** REQUIRED ACTION **
Skip the pictures. Transcribe the rest of the data below without changing a word.

** INFORMATION SHOWN **
^^^^^^^^
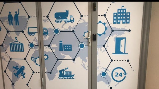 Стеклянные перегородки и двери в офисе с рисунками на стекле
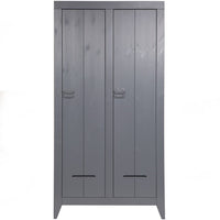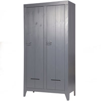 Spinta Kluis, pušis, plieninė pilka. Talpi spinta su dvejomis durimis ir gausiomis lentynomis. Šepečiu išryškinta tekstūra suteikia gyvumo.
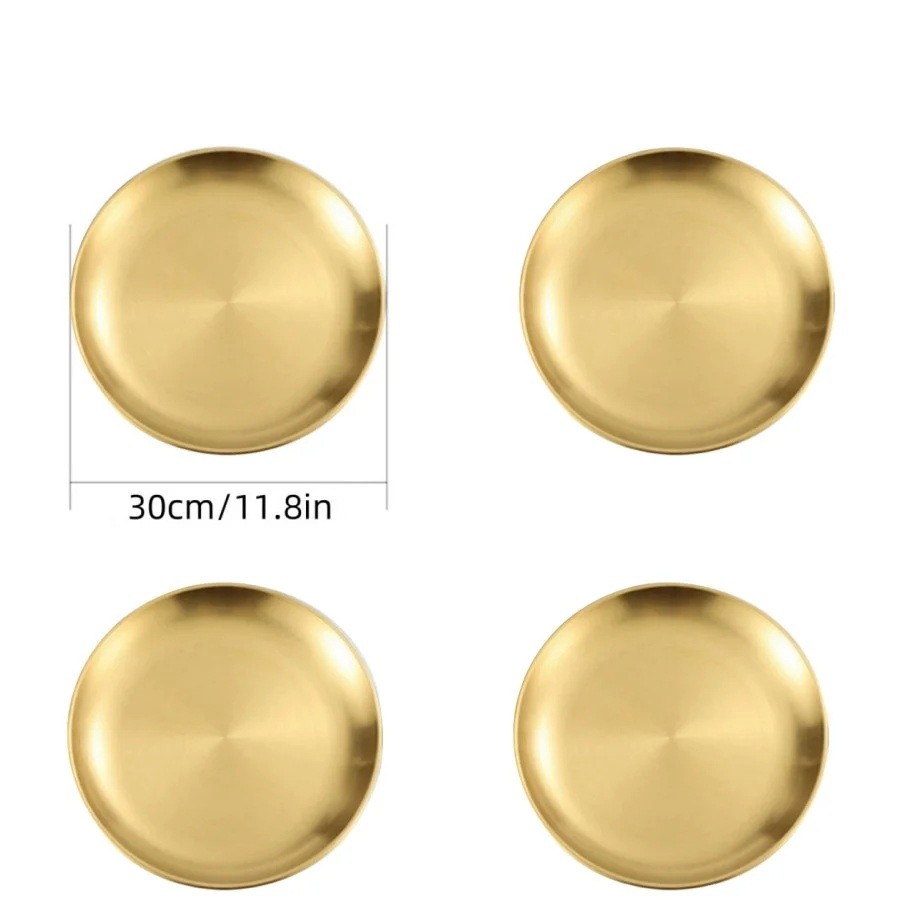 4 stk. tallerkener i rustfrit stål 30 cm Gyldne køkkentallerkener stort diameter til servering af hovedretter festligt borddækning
^^^^^^^^
** COMPLETED EXERCISE **
 Стеклянные перегородки и двери в офисе с рисунками на стекле
 Spinta Kluis, pušis, plieninė pilka. Talpi spinta su dvejomis durimis ir gausiomis lentynomis. Šepečiu išryškinta tekstūra suteikia gyvumo.
 4 stk. tallerkener i rustfrit stål 30 cm Gyldne køkkentallerkener stort diameter til servering af hovedretter festligt borddækning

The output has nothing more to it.